Apache Zeppelin for Denodo is a web-based notebook that aims to improve the user experience while working with Denodo.

This application allows users to verify their identity and grant access to a Virtual DataPort (VDP) server by using the authentication system provided by Denodo. It also simplifies the process of running VQL statements directly within Zeppelin paragraphs, which helps to improve workflow efficiency and productivity.

The application can be downloaded through the Denodo Support Site. Note that there are two distinct versions of this application available. The Shared Server version is intended for deployment on servers accessed by multiple users within your network, whether concurrently or not. This version is designed with security considerations in mind and includes only the Denodo and Markdown interpreters. If additional interpreters are required, the Standalone version should be installed, as it is intended for use on a local machine by a single user.

The Standalone version includes the interpreters for angular, Denodo, file, JDBC, Markdown, Python, Shell, and Spark. For further interpreter installations, reference can be made to Appendix III of the Apache Zeppelin for Denodo user manual.

Upon downloading and extracting the zip file, initiate the application by executing bin/zeppelin.cmd on Windows or bin/zeppelin-daemon.sh start on Linux. Please be advised that the startup process may take up to a minute to complete.

To stop the zeppelin process in Linux, execute bin/zeppelin-daemon.sh stop. In Windows, terminate the cmd process.

For Linux users, ensure execution permissions are set by running chmod u+x bin/*.sh.

For further information, please refer to the Apache Zeppelin for Denodo user manual.

In the notebook make sure denodo is selected as an interpreter and then you can use %denodo to run queries against the denodo interpreter.

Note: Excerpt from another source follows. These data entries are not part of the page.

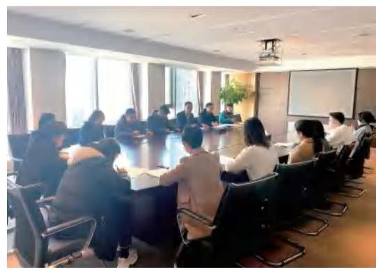
12月2日,在会议室进行萧山区、所前镇人大代表候选人民主测评工作。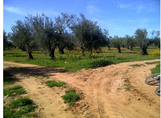
Cruce de pistas de ciclabilidad buena. Campo de olivos sin arar y sin podar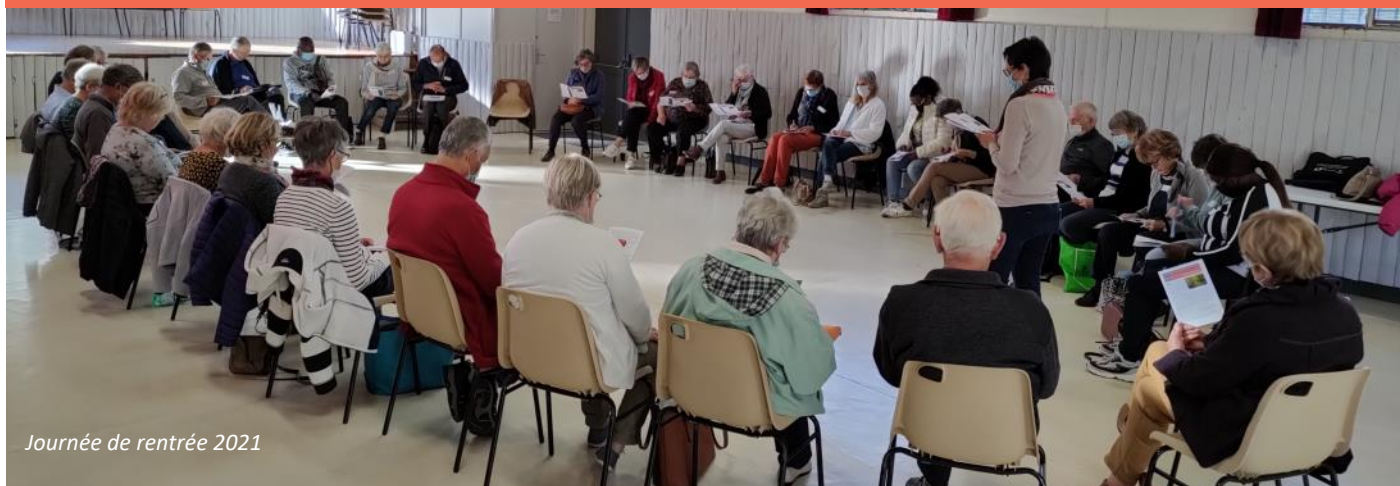
Journée de rentrée 2021

EDITO Alors que l'entrée dans la période hivernale nous inciterait à une pause naturelle à l'image de notre environnement, l'ambiance de cette fin d'année 2021 vient nous rappeler les grands enjeux du moment : pandémie, réchauffement climatique, augmentation des prix des biens de première nécessité, plongeant un peu plus certains dans la précarité.

Now, you can execute queries against the Denodo interpreter using the following syntax: %denodo%<database name>:

Denodo as a source in Spark using DataFrames

A common way to use Denodo data from Spark is by moving the results of a Denodo query to a remote table in Spark.

However, in many cases it will be also interesting to ingest data directly from Denodo, without the need for replication. You can do so with Spark’s DataFrames API via JDBC

To connect to Denodo from a Spark interpreter, you have to first place Denodo’s JDBC driver jar in $SPARK_HOME/jars folder and restart Zeppelin. Once it is done, you can query a view in denodo with a code like below:

%spark.pyspark

url = "jdbc:vdb://localhost:9999/machine_learning"

user = "admin"

password = "your_password"

dbtable = "text_prediction"

df = sqlContext.read.format("jdbc").option("url", url).option("user",user).option("password",password).option("dbtable", dbtable).load()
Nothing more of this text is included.